Exercise input:

☆ ☆ ☆ ☆

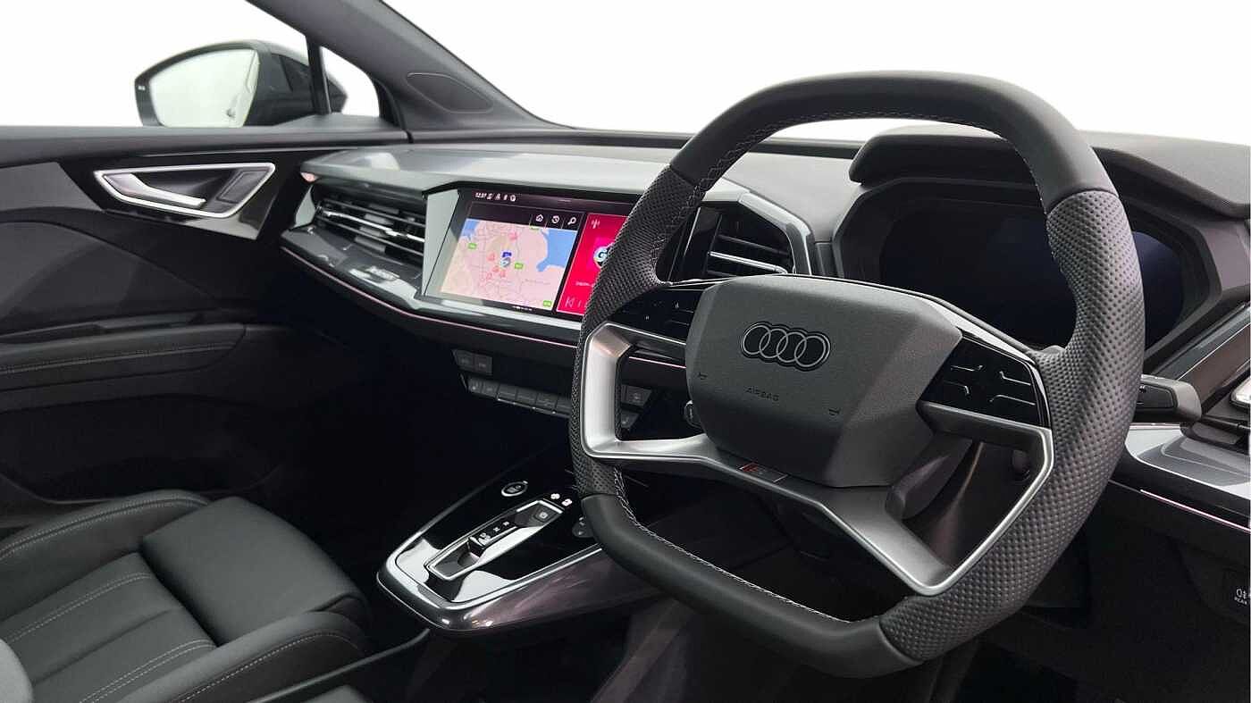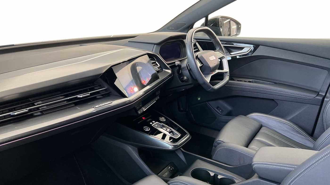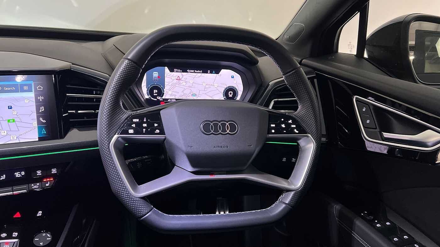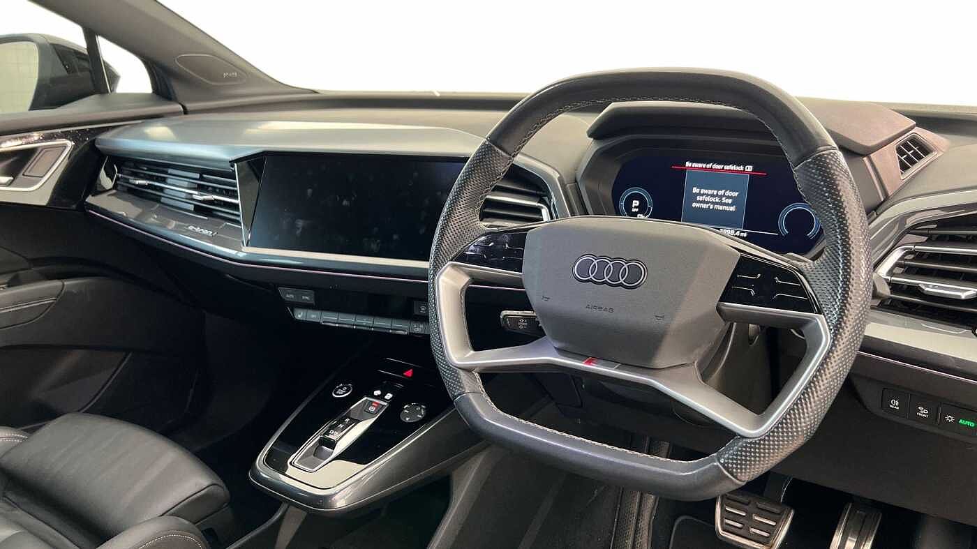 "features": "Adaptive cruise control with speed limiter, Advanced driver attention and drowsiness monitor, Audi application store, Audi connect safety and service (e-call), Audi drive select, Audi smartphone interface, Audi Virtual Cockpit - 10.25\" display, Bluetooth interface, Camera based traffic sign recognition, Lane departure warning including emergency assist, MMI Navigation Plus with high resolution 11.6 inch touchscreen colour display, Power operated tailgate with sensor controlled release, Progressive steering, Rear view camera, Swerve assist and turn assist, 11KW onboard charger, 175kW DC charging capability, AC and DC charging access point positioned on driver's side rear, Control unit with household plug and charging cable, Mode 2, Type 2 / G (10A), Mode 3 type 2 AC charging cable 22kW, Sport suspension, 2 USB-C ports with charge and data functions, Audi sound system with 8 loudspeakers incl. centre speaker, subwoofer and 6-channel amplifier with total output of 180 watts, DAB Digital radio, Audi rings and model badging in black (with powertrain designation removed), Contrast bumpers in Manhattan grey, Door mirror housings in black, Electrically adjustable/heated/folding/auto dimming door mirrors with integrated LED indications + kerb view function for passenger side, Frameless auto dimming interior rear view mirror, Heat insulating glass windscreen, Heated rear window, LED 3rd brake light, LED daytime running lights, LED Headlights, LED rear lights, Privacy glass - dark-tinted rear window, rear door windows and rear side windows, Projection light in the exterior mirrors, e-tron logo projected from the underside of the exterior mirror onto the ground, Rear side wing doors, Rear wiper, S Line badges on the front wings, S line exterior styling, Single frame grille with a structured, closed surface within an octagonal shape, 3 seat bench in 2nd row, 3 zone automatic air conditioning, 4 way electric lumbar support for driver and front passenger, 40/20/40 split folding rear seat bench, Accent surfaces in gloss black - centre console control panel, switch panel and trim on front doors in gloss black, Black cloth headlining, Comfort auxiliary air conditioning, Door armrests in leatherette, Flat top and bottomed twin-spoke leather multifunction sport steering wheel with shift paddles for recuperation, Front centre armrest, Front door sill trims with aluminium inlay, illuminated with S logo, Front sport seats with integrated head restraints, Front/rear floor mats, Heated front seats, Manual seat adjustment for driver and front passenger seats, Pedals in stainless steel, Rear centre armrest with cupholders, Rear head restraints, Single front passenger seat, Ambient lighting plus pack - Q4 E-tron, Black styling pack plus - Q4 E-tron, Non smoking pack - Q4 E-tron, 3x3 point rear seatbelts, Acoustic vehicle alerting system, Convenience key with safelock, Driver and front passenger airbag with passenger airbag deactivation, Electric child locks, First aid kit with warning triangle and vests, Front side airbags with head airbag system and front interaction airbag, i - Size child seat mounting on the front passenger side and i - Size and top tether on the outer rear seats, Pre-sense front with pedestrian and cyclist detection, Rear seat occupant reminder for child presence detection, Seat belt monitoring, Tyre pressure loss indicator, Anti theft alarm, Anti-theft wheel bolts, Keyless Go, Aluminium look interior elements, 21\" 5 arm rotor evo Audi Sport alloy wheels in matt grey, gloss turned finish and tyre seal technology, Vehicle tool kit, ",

☆ ☆ ☆ ☆

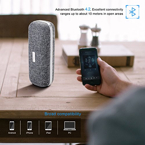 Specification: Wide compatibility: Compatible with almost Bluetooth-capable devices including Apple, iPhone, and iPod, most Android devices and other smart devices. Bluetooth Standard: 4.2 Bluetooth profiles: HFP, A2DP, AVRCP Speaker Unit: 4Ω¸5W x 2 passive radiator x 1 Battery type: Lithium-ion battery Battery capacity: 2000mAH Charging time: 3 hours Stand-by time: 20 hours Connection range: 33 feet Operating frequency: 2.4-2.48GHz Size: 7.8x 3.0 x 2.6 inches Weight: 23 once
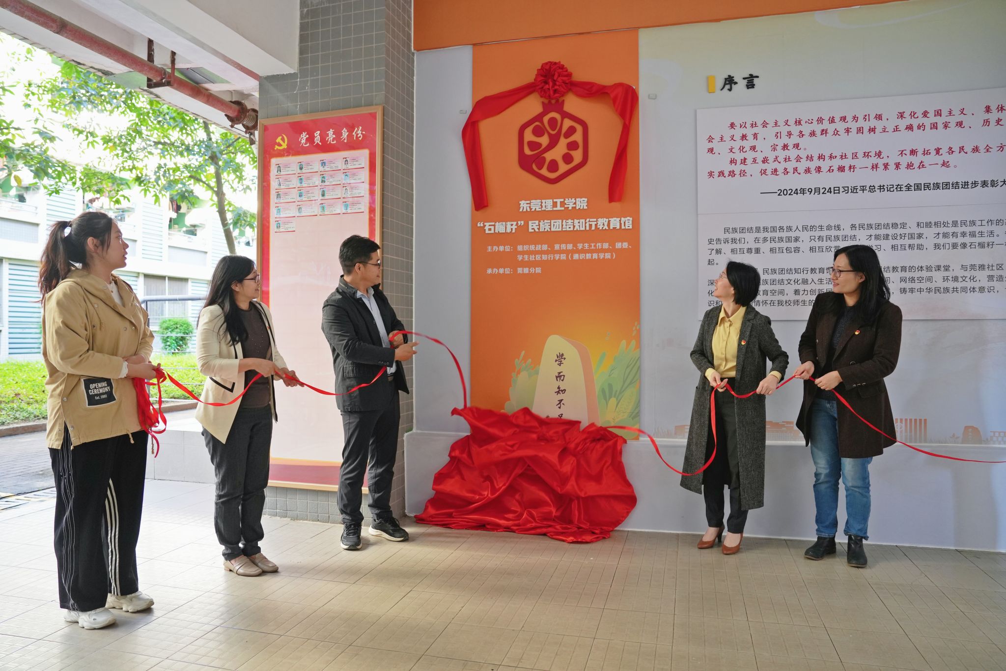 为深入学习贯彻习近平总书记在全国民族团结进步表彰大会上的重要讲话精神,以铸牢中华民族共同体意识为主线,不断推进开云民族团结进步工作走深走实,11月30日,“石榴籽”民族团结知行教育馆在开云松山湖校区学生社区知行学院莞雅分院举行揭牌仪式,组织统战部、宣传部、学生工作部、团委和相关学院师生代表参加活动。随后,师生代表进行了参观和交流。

☆ ☆ ☆ ☆

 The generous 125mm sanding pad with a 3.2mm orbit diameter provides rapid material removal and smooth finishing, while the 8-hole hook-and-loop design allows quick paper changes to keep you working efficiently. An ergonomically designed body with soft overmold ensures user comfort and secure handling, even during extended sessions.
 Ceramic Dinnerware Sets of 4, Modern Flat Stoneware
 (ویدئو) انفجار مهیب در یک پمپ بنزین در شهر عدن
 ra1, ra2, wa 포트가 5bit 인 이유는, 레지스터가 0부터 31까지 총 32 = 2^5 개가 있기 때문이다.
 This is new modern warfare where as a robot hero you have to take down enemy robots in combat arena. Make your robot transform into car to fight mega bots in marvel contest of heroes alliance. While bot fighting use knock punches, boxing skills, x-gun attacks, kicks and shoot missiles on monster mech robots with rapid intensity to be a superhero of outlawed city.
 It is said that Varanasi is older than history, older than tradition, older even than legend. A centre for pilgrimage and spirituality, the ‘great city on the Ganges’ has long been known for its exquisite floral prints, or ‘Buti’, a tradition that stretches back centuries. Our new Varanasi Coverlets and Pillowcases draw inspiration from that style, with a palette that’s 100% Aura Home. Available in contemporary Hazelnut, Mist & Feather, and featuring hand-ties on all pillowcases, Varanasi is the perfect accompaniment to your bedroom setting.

☆ ☆ ☆ ☆

What you should do:
The response must hold only the lines above from the line with "Ceramic Dinnerware Sets" through the line with "It is said that", each copied exactly, both ends kept.

Task result:
 Ceramic Dinnerware Sets of 4, Modern Flat Stoneware
 (ویدئو) انفجار مهیب در یک پمپ بنزین در شهر عدن
 ra1, ra2, wa 포트가 5bit 인 이유는, 레지스터가 0부터 31까지 총 32 = 2^5 개가 있기 때문이다.
 This is new modern warfare where as a robot hero you have to take down enemy robots in combat arena. Make your robot transform into car to fight mega bots in marvel contest of heroes alliance. While bot fighting use knock punches, boxing skills, x-gun attacks, kicks and shoot missiles on monster mech robots with rapid intensity to be a superhero of outlawed city.
 It is said that Varanasi is older than history, older than tradition, older even than legend. A centre for pilgrimage and spirituality, the ‘great city on the Ganges’ has long been known for its exquisite floral prints, or ‘Buti’, a tradition that stretches back centuries. Our new Varanasi Coverlets and Pillowcases draw inspiration from that style, with a palette that’s 100% Aura Home. Available in contemporary Hazelnut, Mist & Feather, and featuring hand-ties on all pillowcases, Varanasi is the perfect accompaniment to your bedroom setting.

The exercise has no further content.